BEGIN

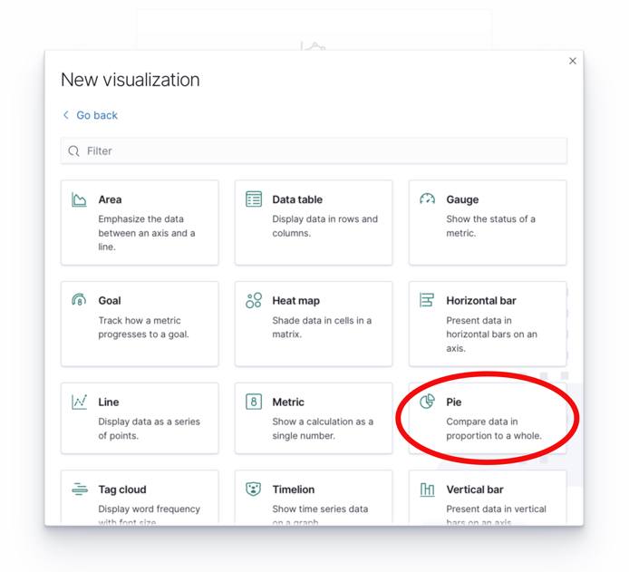 Select Pie from the choices that appear to create a new pie chart. Note that you may need to scroll down to find the Pie visualization:
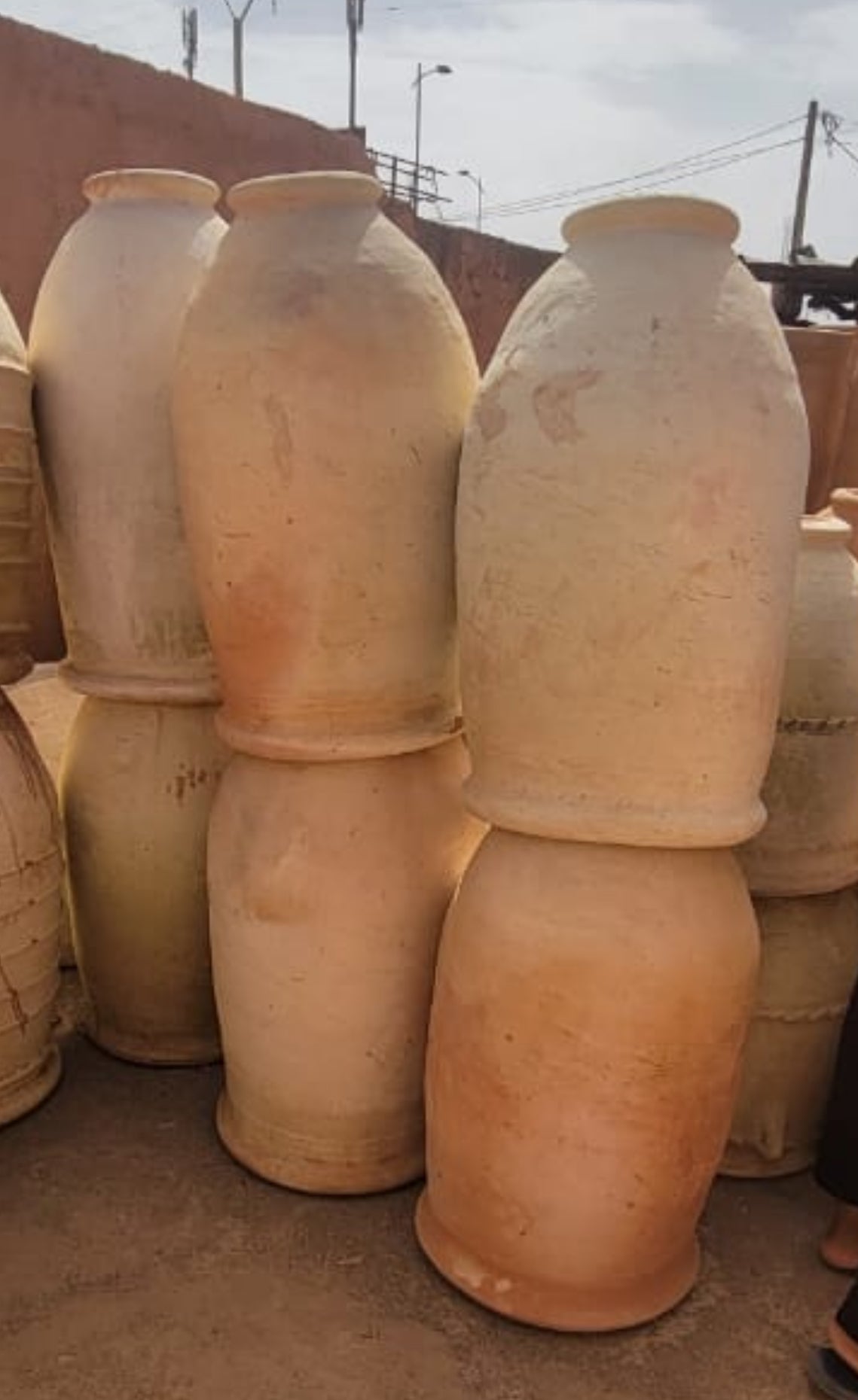 De pot wordt met de hand gevormd in het zuidelijke Marokkaanse dorp Tamegroute, waar pottenbakkers al generaties lang werken met lokale klei en traditionele ovens. Door dit ambachtelijke proces krijgt elke pot zijn eigen vorm, structuur en kleurschakering.
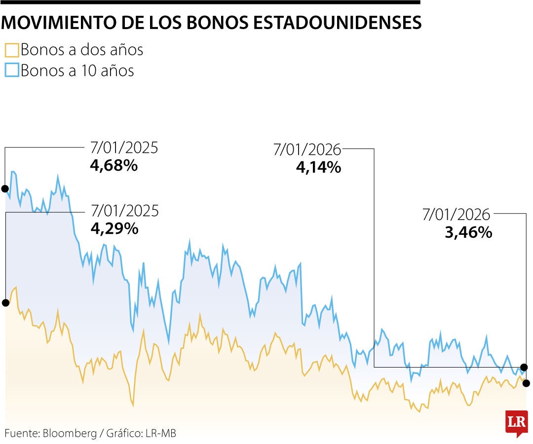 El rendimiento de la nota a 2 años, que suele moverse al ritmo de las expectativas de tasas de interés, bajaba 0,3 puntos básicos en el día, al 3,47%, mientras que el de la deuda a 10 años caía 2,6 puntos básicos, al 4,153%.

END

Starting with the line that holds "De pot wordt", reproduce exactly each line up to and including the last line of the material above, and drop the pictures.

> **Answer below**:
 De pot wordt met de hand gevormd in het zuidelijke Marokkaanse dorp Tamegroute, waar pottenbakkers al generaties lang werken met lokale klei en traditionele ovens. Door dit ambachtelijke proces krijgt elke pot zijn eigen vorm, structuur en kleurschakering.
 El rendimiento de la nota a 2 años, que suele moverse al ritmo de las expectativas de tasas de interés, bajaba 0,3 puntos básicos en el día, al 3,47%, mientras que el de la deuda a 10 años caía 2,6 puntos básicos, al 4,153%.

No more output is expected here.